Pengalaman mengatakan “ya” dalam pelayanan juga dialami oleh Ketua GDI sendiri. Nana, sapaan akrabnya, menungkapkan ketika Romo Fe menawarkan siapa yang berani menjadi ketua, ia langsung memberanikan diri untuk menyatakan ya padahal belum tahu GDI itu apa. “Saya tidak tahu mengapa berani mengatakan ya. Namun saya pernah mendapat pencerahan jika untuk Bunda Maria katakan Yes! semuanya nanti akan diikuti dengan keutamaan-keutamaan yang dibutuhkan,” ungkap umat Paroki Lubang Buaya ini. Dalam perkembangannya, kelahiran 25 April 1959 ini bisa memetik kebiasaan hidup doa. Salah satunya mengikuti pesan Bunda Maria untuk berdoa Rosario setiap hari. Agar kian semangat, ia juga mengajak umat lingkungannya untuk berdoa Rosario. Hal baik inipun diikuti oleh lingkungan yang lain. Dari kesetiaan berdoa rosario dan setia mengikuti Devosi Sabtu Pertama bersama GDI, Nana memetik buah roh berupa kesetiaan dan kerendahan hati yang harus ia kembangkan terus. “Jadi, seperti Fiat Bunda Maria, secara pribadi menuntun saya untuk rendah hati. Dari situ berkembang rasa syukur dan kesetiaan,” akunya.

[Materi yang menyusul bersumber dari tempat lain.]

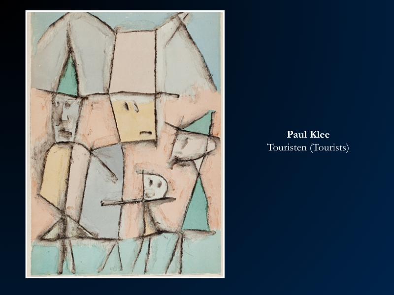 While Picasso explored the family, Paul Klee explored the essence of movement and observation. His 1937 work, Touristen, is a study in Klee’s late-period mastery.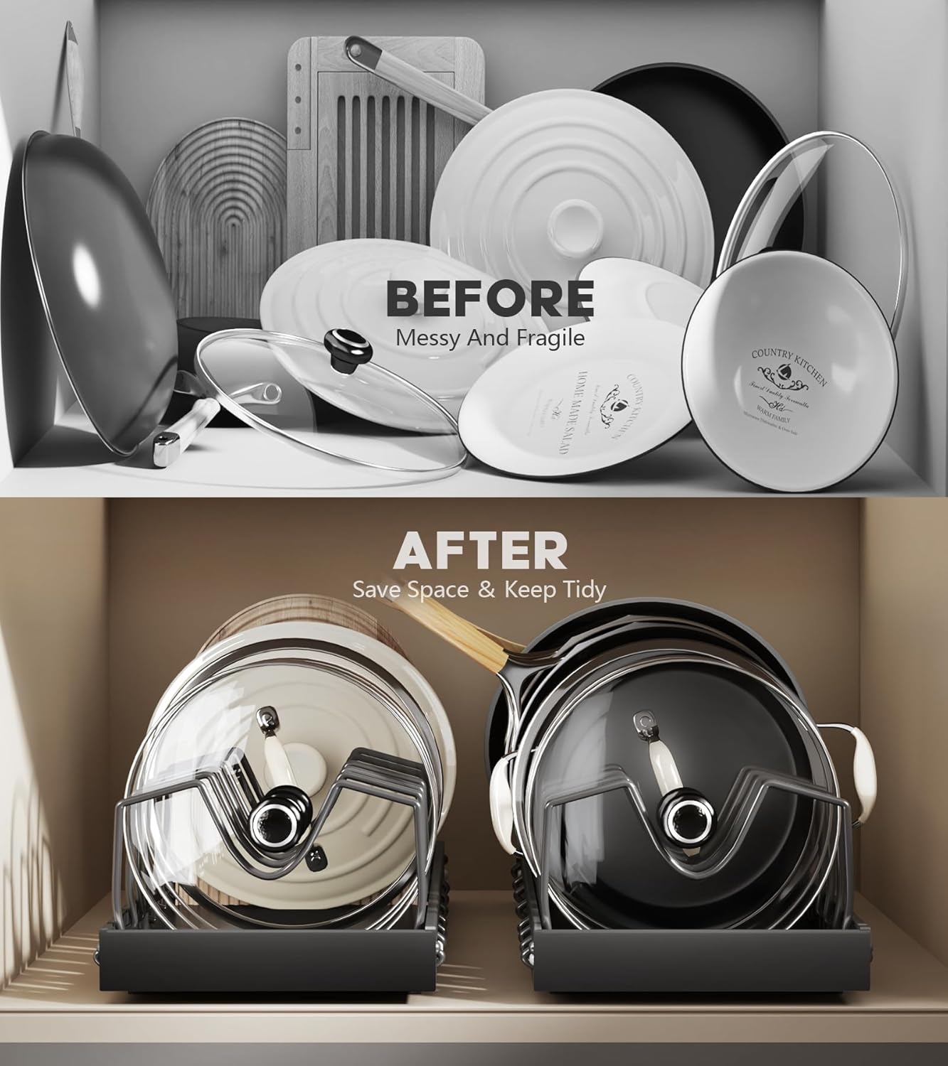 - 【Removable & Adjustable Dividers】: Pots and pans organizer under cabinet is equipped with 10 dividers for lids, fry pan, cutting board, bakeware, skillet, baking sheet and more, and you can adjust the width of the storage according to the size of the pots and pans and lids. Expandable sliding lid holder and pan rack providing ample cabinet storage for all cookware and bakeware.

Emilia S. Widowati pun mengamini untuk mengatakan “Ya” untuk hal yang berkaitan dengan Bunda Maria. Keterlibatannya dengan GDI juga “tak disengaja”. Saat itu pengurus GDI sedang rapat di warung kopinya dan ia ikut berdiskusi. Ketika ditawari bergabung, ia langsung mengiyakan. Hal ini juga didasari pada pengalaman melihat ibunya yang dahulu adalah seorang Muslim kemudian memeluk iman Katolik saat menikah. Setiap subuh, Emilia pasti melihat ibunya rajin mendaraskan Doa Rosario. Dari situ Emilia terpanggil untuk serius berdevosi kepada Bunda Maria, terutama agar rajin berdoa Rosario seperti sang ibu. Lewat setia berdevosi dengan GDI sejak 2017, ia juga terpanggil untuk melaksanakan silih dosa bagi umat manusia dan dirinya sendiri. Untuknya pribadi, laku silih adalah salah satu ungkapan cinta kasih kepada sesama sembari bersama Bunda Maria ikut menyucikan dunia, Indonesia, dan khususnya Jakarta.

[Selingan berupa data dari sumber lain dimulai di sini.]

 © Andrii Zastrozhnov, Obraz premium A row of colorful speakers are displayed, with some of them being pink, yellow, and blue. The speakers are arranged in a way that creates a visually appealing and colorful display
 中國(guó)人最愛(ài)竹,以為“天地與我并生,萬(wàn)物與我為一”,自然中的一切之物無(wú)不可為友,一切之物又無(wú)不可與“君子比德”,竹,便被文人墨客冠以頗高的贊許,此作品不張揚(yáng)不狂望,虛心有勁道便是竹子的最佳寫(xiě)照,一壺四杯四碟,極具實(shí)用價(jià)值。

Sansan pun menegaskan di masa pandemi ini kita semakin bisa melihat tujuan pesan Bunda Maria untuk terus berdoa dan melakukan silih bagi orang lain. Kita diajak oleh Bunda Maria untuk membawa orang berdoa bersama sehingga ketika Tuhan datang dan menanyakan dimana saya bisa menemukan iman di bumi? kita bisa menjawabnya. “Apakah ajakan ini akan didiamkan saja? atau kita mau seperti Bunda Maria untuk mengatakan ‘Ya’?,” tanyanya berapi-api.

Daya Tarik

Jawaban “Ya” untuk berdevosi Sabtu Pertama itu juga ditanggapi oleh umat Paroki Menteng Gereja St. Theresia, KAJ. Bergabung dengan GDI sejak September 2019, Julianto Halim merasakan devosi ini memiliki daya tarik tersendiri dan sangat menyentuh hati.Undangan berdevosi bersama GDI ini ia terima dari salah seorang devosan di Paroki Lubang Buaya. Sebagai anggota Legio Maria Gereja Theresia Presidium Bunda Kesalamatan Orang Sakit (BKOS), ia mengerti benar apa arti sebuah devosi. Dengan luwes kelahiran 23 Juli 1962 ini menjelaskan bahwa “devotio” berarti kebaktian, pengorbanan, kesalehan, dan cinta bakti. Devosi Doa Imakulata ini juga terdorong dalam sikap iman melalui kesetiaan mengikuti rangkaian doa dan ingin menyatakan sikap hormat kepada Hati Maria Tak Bernoda. Jadi dalam devosi mengalir pengalaman religius dan ini merangkum seluruh kehidupan manusia. Baginya, “Kegiatan GDI tidak hanya melibatkan akal dan pemikiran, tetapi juga mencakup seluruh pribadi saya dari segi emosional dan afeksi.” Ia juga mengakui dikuatkan oleh Roh Kudus dalam mengatasi rintangan lewat devosi ini. Selain itu, bersyukur karena bisa mengalami mukjizat melalui Doa Rosario sekaligus melanjutkan doa almarhum sang ibu.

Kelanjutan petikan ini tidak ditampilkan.